### Supplied material
- - - - -

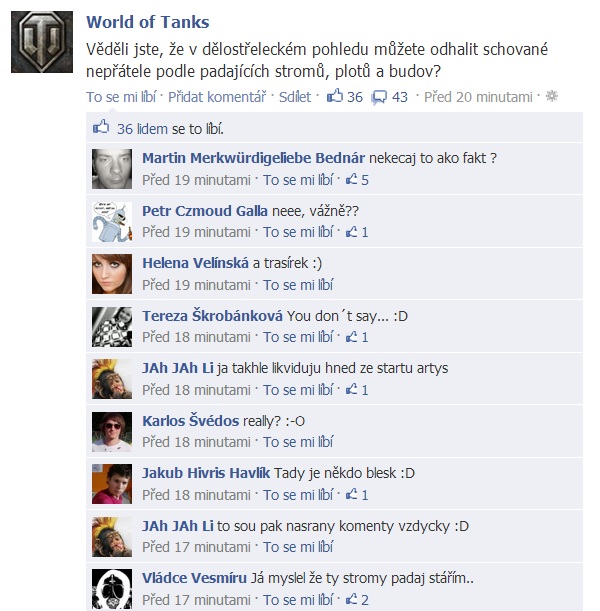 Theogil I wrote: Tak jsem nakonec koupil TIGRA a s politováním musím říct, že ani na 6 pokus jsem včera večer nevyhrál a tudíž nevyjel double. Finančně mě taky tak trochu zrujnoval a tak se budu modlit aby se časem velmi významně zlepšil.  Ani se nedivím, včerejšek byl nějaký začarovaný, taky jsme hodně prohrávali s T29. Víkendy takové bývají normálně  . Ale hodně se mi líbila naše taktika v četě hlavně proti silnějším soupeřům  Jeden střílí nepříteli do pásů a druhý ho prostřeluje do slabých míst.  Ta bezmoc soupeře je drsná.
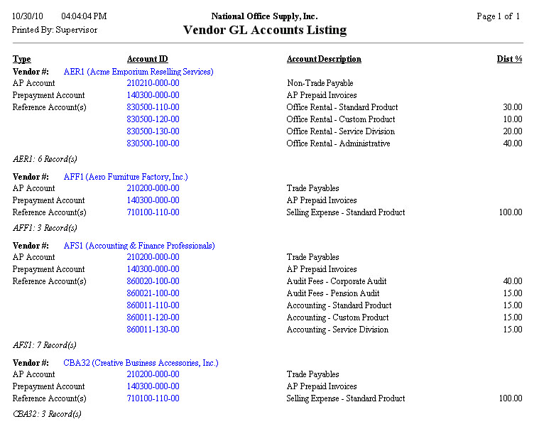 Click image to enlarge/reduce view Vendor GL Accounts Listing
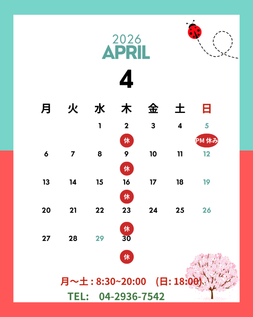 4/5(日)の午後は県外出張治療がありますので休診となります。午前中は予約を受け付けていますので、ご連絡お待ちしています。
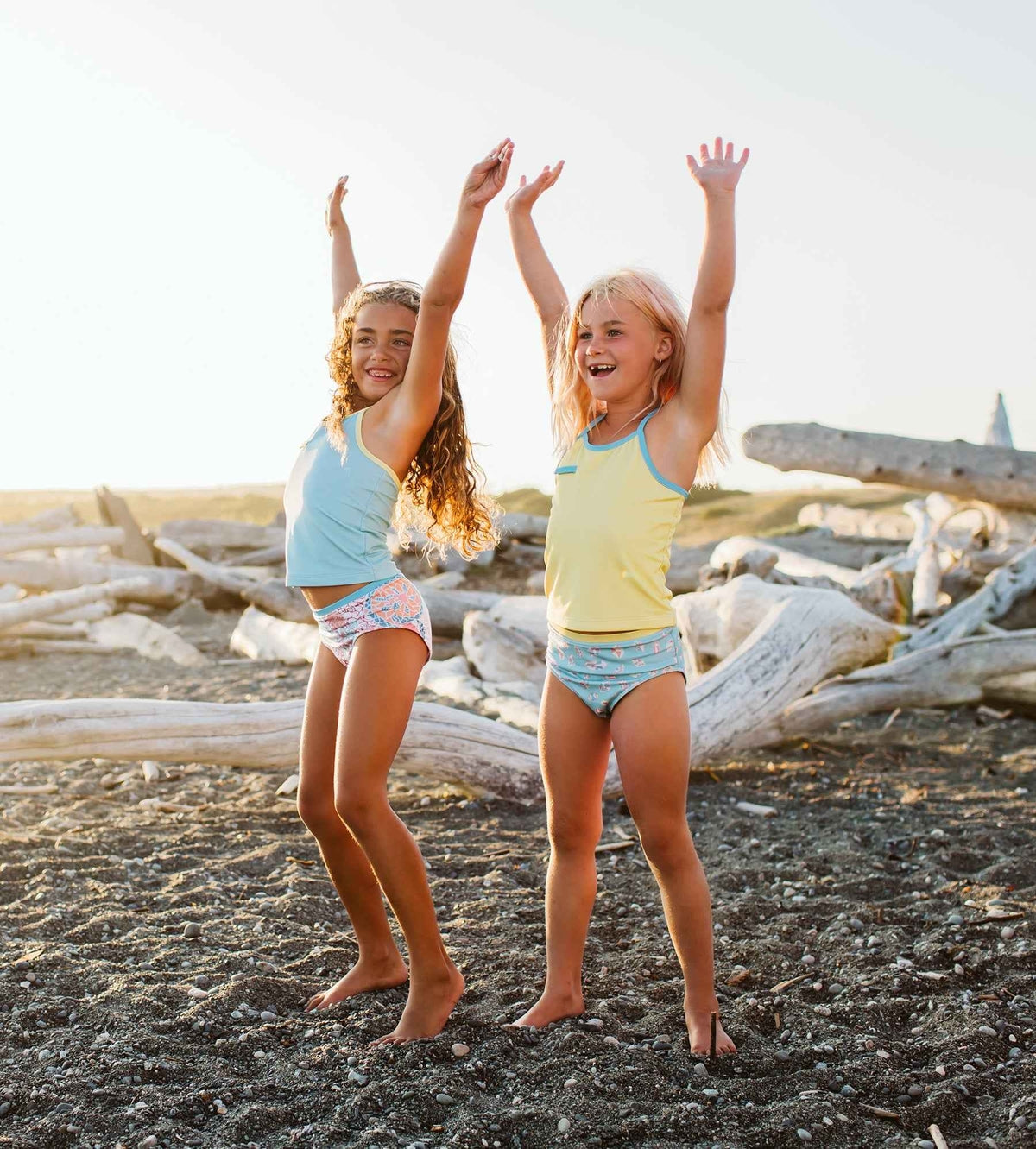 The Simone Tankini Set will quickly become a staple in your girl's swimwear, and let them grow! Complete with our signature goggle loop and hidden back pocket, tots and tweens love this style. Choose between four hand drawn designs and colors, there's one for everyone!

- - - - -

### What to work on
Skip the pictures, then return the rest of the data exactly.

### Output for this exercise
 Theogil I wrote: Tak jsem nakonec koupil TIGRA a s politováním musím říct, že ani na 6 pokus jsem včera večer nevyhrál a tudíž nevyjel double. Finančně mě taky tak trochu zrujnoval a tak se budu modlit aby se časem velmi významně zlepšil.  Ani se nedivím, včerejšek byl nějaký začarovaný, taky jsme hodně prohrávali s T29. Víkendy takové bývají normálně  . Ale hodně se mi líbila naše taktika v četě hlavně proti silnějším soupeřům  Jeden střílí nepříteli do pásů a druhý ho prostřeluje do slabých míst.  Ta bezmoc soupeře je drsná.
 Click image to enlarge/reduce view Vendor GL Accounts Listing
 4/5(日)の午後は県外出張治療がありますので休診となります。午前中は予約を受け付けていますので、ご連絡お待ちしています。
 The Simone Tankini Set will quickly become a staple in your girl's swimwear, and let them grow! Complete with our signature goggle loop and hidden back pocket, tots and tweens love this style. Choose between four hand drawn designs and colors, there's one for everyone!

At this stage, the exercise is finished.